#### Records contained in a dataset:

┌────────

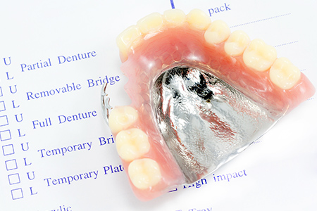 歯ぐきと接する床(しょう)の部分を、レジンと呼ばれる歯科用の樹脂で作る保険診療の入れ歯です。総入れ歯、部分入れ歯の両方に対応でき、修理しやすく、幅広いケースに対応できるのが特徴です。ただし、床に厚みがあるため、違和感を訴えるかたもおられます。
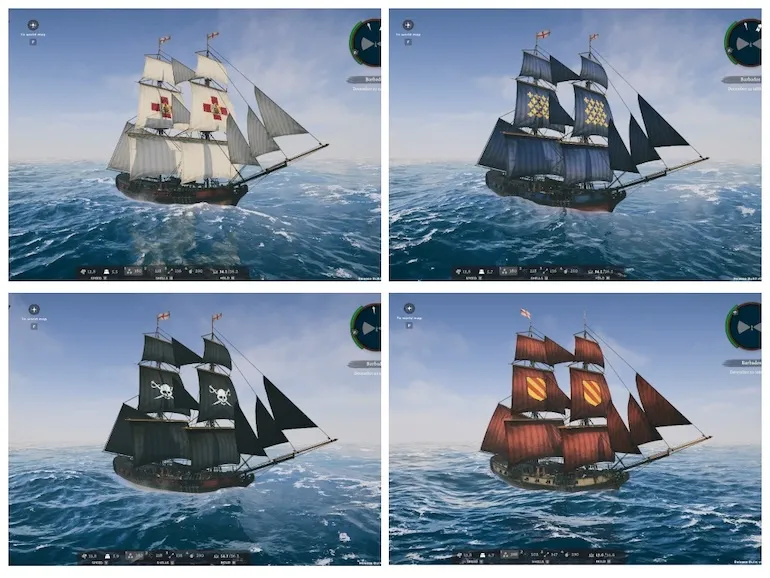 - The number of visual options for ships and sails has been expanded. Heraldry has been added for each nation and pirates. Ships with a red color are trade ships, and dark-colored ships are military. Each nation now has its heraldry, which differs for trade and military ships. This makes it easy to distinguish the modification of the ship by its appearance. Now, the game has four colors of sails: gray, white, red, and black.
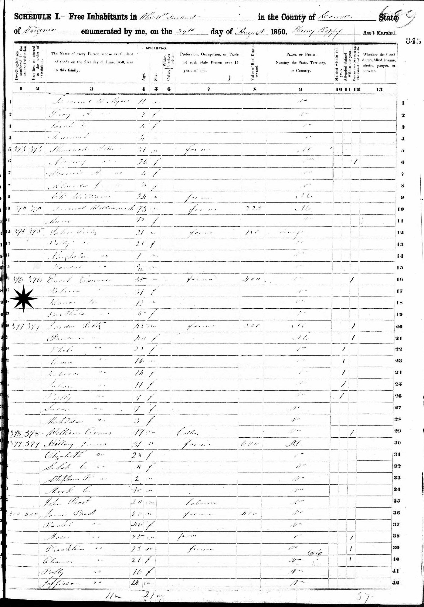 June 29, 1850 - District 11, Carroll County, Virginia.
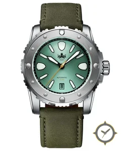 Eine Taucheruhr-Uhr mit einem 36.5mm Gehäuse im Vintage-Stil gefertigt aus Edelstahl mit einem Zifferblatt in türkis und einer besonderen "sunburst"-Oberfläche.
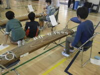 クラスごとに体育館で、講師の先生に教わりながら、琴に触れてみました。

└────────

#### PROBLEM TO SOLVE:
Write out exactly, please, the lines that start at the one containing "- The number" and run through the final line of the entries, both included, leaving pictures out.

#### SOLUTION TO THE PROBLEM:
 - The number of visual options for ships and sails has been expanded. Heraldry has been added for each nation and pirates. Ships with a red color are trade ships, and dark-colored ships are military. Each nation now has its heraldry, which differs for trade and military ships. This makes it easy to distinguish the modification of the ship by its appearance. Now, the game has four colors of sails: gray, white, red, and black.
 June 29, 1850 - District 11, Carroll County, Virginia.
 Eine Taucheruhr-Uhr mit einem 36.5mm Gehäuse im Vintage-Stil gefertigt aus Edelstahl mit einem Zifferblatt in türkis und einer besonderen "sunburst"-Oberfläche.
 クラスごとに体育館で、講師の先生に教わりながら、琴に触れてみました。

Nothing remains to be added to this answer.